Нужна эффективная и прозрачная судебная система. Необходимо обеспечить приход людей, для которых судебная позиция была бы не ступенькой в карьере и в обретении благосостояния, а вершиной юридической карьеры. Желательно, чтобы приходило больше людей из адвокатуры, причем заплативших за время адвокатской практики значительные налоги — что говорило бы об их состоятельности и законопослушности. Они должны быть выпускниками престижных отечественных и иностранных университетов. Это должны быть люди не 35 лет, а скорее 50. Судья должен быть умный, состоятельный и образованный. А не бедный, плохо образованный и «независимый».

«КОНКУРЕНТНЫЕ ПРЕИМУЩЕСТВА — ЧЕЛОВЕЧЕСКИЙ КАПИТАЛ, ИНФРАСТРУКТУРА И ГОСУПРАВЛЕНИЕ»

— Вы в свое время писали, что кризис может привести к изменению управления социально-экономическими процессами — в целом про мировую экономику, а не отдельно про Россию. В нашей стране сформировался государственно-монополистический капитализм. После кризиса 2008—2009 гг. вырос и госсектор, и влияние государства на бизнес. Видите ли вы возможность сломить этот тренд?

— Является ли эта тенденция вечной? Нет, не является. Будет ли она доминировать в ближайшие годы? Скорее всего, да. Из истории видно, что приватизация может решать три задачи: фискальную (пополнение казны), экономическую (появление эффективного собственника) и политическую (обеспечение стабильности власти). Приватизация 90-х гг. решала в основном задачи политической стабилизации и выхода из революционной трансформации и по этому критерию была очень успешной.

Сейчас же политической задачи нет.
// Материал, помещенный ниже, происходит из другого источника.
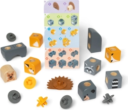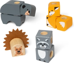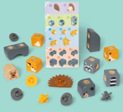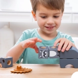 I pezzi con stampe di visi e corpi di animali si possono combinare in simpatiche figurine e creazioni personalizzate. Stimola l'immaginazione e il gioco autonomo.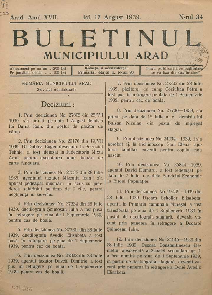 Buletinul Municipiului Arad, XVII, nr. în TOM: 34, 17 august, 1939

Фискальной тоже — это невозобновляемый источник доходов. И эффективный стратегический собственник в нынешней геополитической ситуации также вряд ли придет. Мы когда-то не хотели допустить приватизацию «красными директорами», так вот, всякая приватизация сейчас будет де-факто приватизацией менеджментом. И это будет дешевая приватизация — активы недооценены. Да, огосударствление неэффективно, но я не уверен, что разгосударствление повысит эффективность в данной ситуации. Я не вижу ни путей, ни механизмов, ни смысла приватизации, как бы идеологически (как либеральный экономист) я не считал частную собственность более предпочтительной. Со временем ситуация должна, конечно, измениться.

— Вы подчеркивали, что концентрироваться на росте ВВП не стоит. У нас есть условный таргет — расти на уровне общемировых темпов. Такой ориентир все-таки нужен?

— Я бы сказал, что российская экономика должна расти темпами выше, чем в Германии, и ниже, чем в Китае. Ориентир нужен, но с одной поправкой: отчитываться о достижении цели надо не на ближайших выборах, а в учебниках по экономической истории лет через десять. Темпы роста в 1987—1988 гг. в СССР возрастали ценой быстрого роста бюджетного дефицита и госдолга, но это оказалось стимулированием тяжелобольного, который не выдержал такого лечения и вскоре умер. Из застойной экономики мы получили разбалансированную и падающую.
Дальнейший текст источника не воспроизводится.